Re: Recursive Arrays 101 - Mailing list pgsql-general

From David Blomstrom
Subject Re: Recursive Arrays 101
Date
Msg-id CAA54Z0iMJpHLzOL6NWZ5+kO8E+6kEtpmPkwLdvZQs+n3cHmn8Q@mail.gmail.com
Whole thread Raw
In response to Re: Recursive Arrays 101  (David Blomstrom <david.blomstrom@gmail.com>)
Responses Re: Recursive Arrays 101  (Gavin Flower <GavinFlower@archidevsys.co.nz>)
List pgsql-general
I've created my first table in postgreSQL. I'd like to ask 1) if you see any errors, 2) do you have any suggestions for improving it, and 3) can you give me the code I need to paste into the shell (or whatever you call the command-line tool) to recreate it?

This is what the table's schema looks like in MySQL...

N - int(6) [Primary Key]
Taxon - varchar(50) [Unique Key]
Parent - varchar(50) [Index Key]
ParentID - tinyint(1) [Index Key]
Slug - varchar(50) [Index Key]
NameCommon - varchar(50)
Plural - varchar(50)
Extinct - tinyint(1)
Rank - tinyint(2)
Key - tinyint(1)

The table type is MyIsam, collation is latin1_general_ci

Slug, NameCommon and Plural are NULL.

All of my tables have a default first column named N or ID, which is simply a numerical key that begins with 1. It's always designated the primary key.

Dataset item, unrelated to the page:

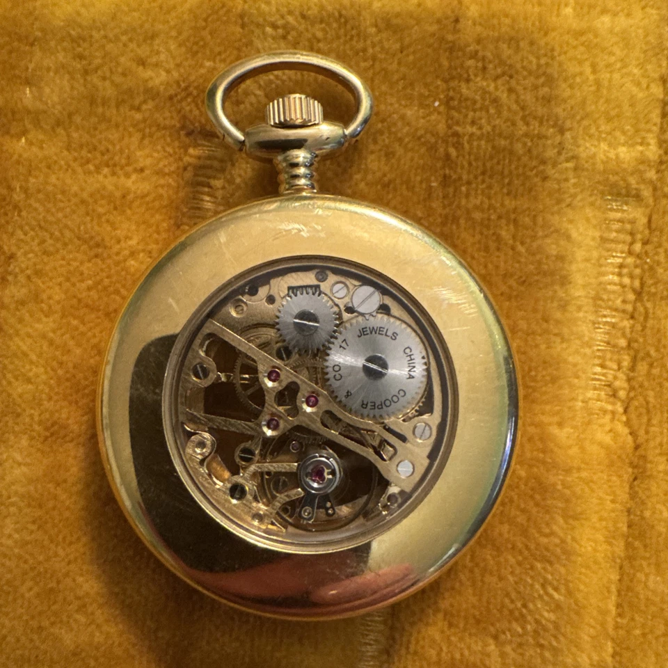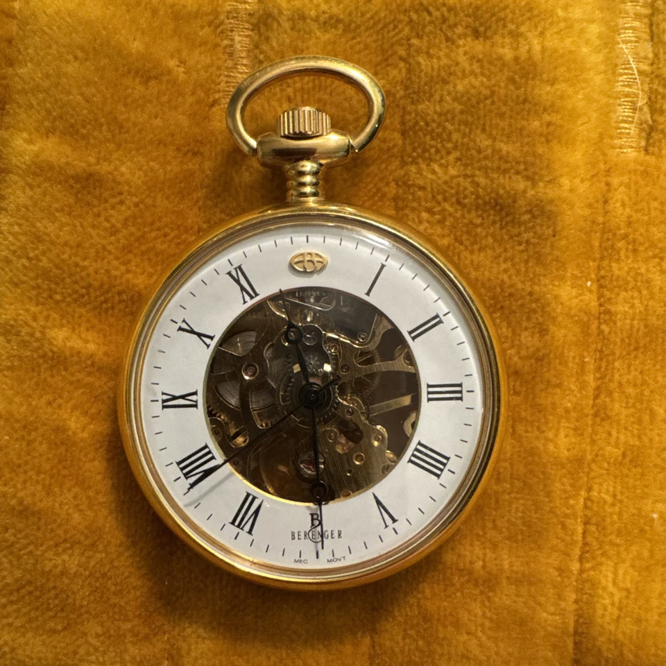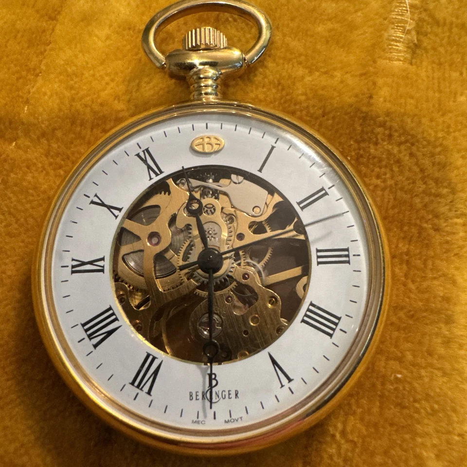 Vintage Berenger Skeleton Wind Up Pocket Watch GOLD  Tone  Jewels 51mm Runs

All the other columns in this table can be divided into two categories, text (varchar) and numerical (tinyint).

The values in the columns Taxon and Slug serve as URL's, so they can have no spaces, apostrophes, accents, etc. (Taxon handles scientific names, Slug common names, if any.) So a row focusing on the Steller's jay would have values like these:

NameCommmon - Steller&#8217;s jay
Plural - Steller&#8217;s jays
Taxon - Cyanocitta-stelleri
Slug - stellers-jay
Parent - Cyanocitta

The column ParentID - which I want to use for hierarchical relationships - has values ranging from 1 for Mammalia (the first row) to 5 for the species level. The column Extinct has the value 1 (not extinct) or 2, 3 or 4 for various categories of extinct taxons.

The column Rank has the value 25 for the first row (class Mammalia), 35 for each order (e.g. Carnivora), 45 for each family, 55 for each genus and 65 for each species. The value for Key is 1 (for every row), designating it a tetrapod. The bird, reptile and amphibian tables have the same key value, while fish, invertebrates and plants have their own unique keys.

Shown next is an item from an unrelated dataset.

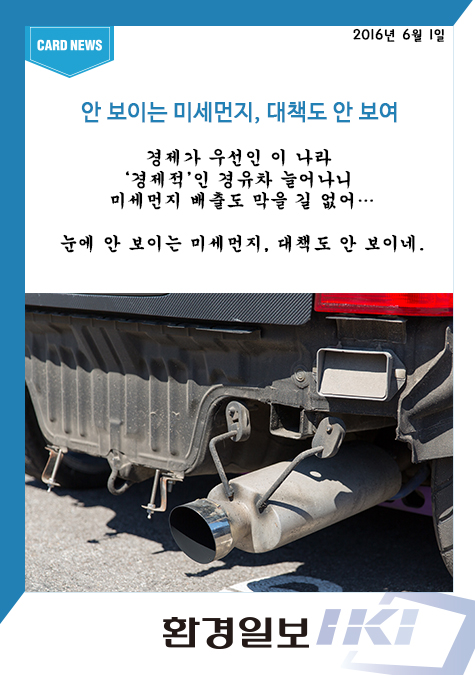 알랑가 몰라…안 보이는 미세먼지, 대책도 안 보여 2016-06-01 편집국 [환경 카드뉴스] 경제가 우선인 이 나라 ‘경제적’인 경유차 늘어나니 미세먼지 배출도 막을 길 없어…눈에 안 보이는 미세먼지, 대책도 안 보이네.

I have Unique keys on N and Taxon, Index keys (not unique) on Parent, ParentID and Slug.

My PostgreSQL table is in a database named GeoZoo. When I go into pgAdmin3 > SQLPane, it looks like this:

CREATE TABLE public.gz_life_mammals
(
  "N" integer NOT NULL,
  "Taxon" character varying(50) NOT NULL,
  "Parent" character varying(50) NOT NULL,
  "ParentID" smallint NOT NULL,
  "Slug" character varying(50),
  "NameCommon" character varying(50),
  "Plural" character varying(50),
  "Extinct" smallint NOT NULL,
  "Rank" smallint NOT NULL,
  "Key" smallint NOT NULL,
  CONSTRAINT "Primary Key" PRIMARY KEY ("N"),
  CONSTRAINT "Unique Key" UNIQUE ("Taxon")
[I haven't added any non-unique keys yet.]
)
WITH (
  OIDS=FALSE
);
ALTER TABLE public.gz_life_mammals
  OWNER TO postgres;

I should also mention that Taxon is the column I use to UNION or JOIN this table with other tables.

P.S. If I decide to organize things by taxonomic levels (e.g. kingdom, class, etc.), then it should be easy to rename the table, delete a few columns, and refill it with data associated with a particular class.

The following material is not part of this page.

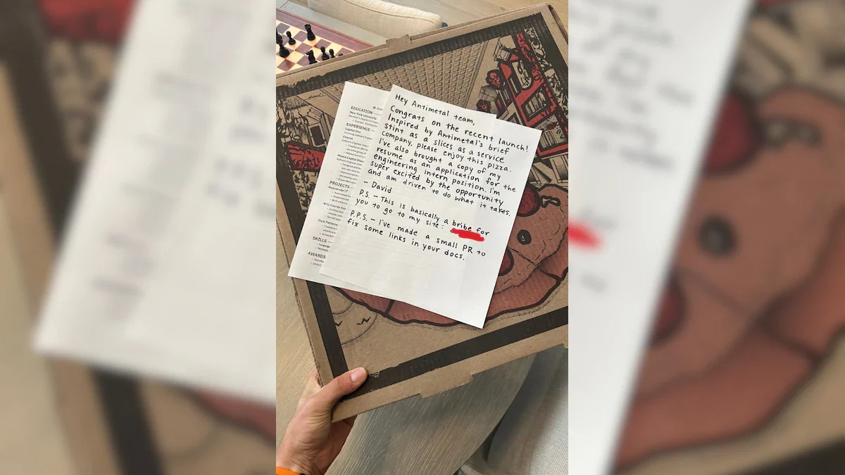 அதில் Antimetal நிறுவனத்தில் பொறியியல் துறையில் இன்டர்னாக பணிக்கு சேர வேண்டும் என்பதற்காகவே இந்த விண்ணப்பத்தை அனுப்பி வைப்பதாகவும், இந்த பீட்சாவை ஒரு லஞ்சமாக அனுப்பி வைக்கிறேன் என்றும் இதனை ஏற்றுக் கொண்டு என்னுடைய இணையதள பக்கத்தையும் அதில் நான் குறிப்பிட்டுள்ள என்னுடைய வேலைகள் சார்ந்த தகவல்களையும் பார்க்குமாறு கேட்டுக்கொள்கிறேன் என எழுதி அனுப்பியிருக்கிறார்.

On Mon, Oct 26, 2015 at 1:29 PM, David Blomstrom <david.blomstrom@gmail.com> wrote:
Sorry for the late response. I don't have Internet access at home, so I only post from the library or a WiFi cafe.

Anyway, where do I begin?

Regarding my "usage patterns," I use spreadsheets (Apple's Numbers program) to organize data. I then save it as a CSV file and import it into a database table. It would be very hard to break with that tradition, because I don't know of any other way to organize my data.

On the other hand, I have a column (Rank) that identifies different taxonomic levels (kingdom, class, etc.). So I can easily sort a table into specific taxonomic levels and save one level at a time for a database table.

There is one problem, though. I can easily put all the vertebrate orders and even families into a table. But genera might be harder, and species probably won't work; there are simply too many. My spreadsheet program is almost overwhelmed by fish species alone. The only solution would be if I could import Mammals.csv, then import Birds.csv, Reptiles.csv, etc. But that might be kind of tedious, especially if I have to make multiple updates.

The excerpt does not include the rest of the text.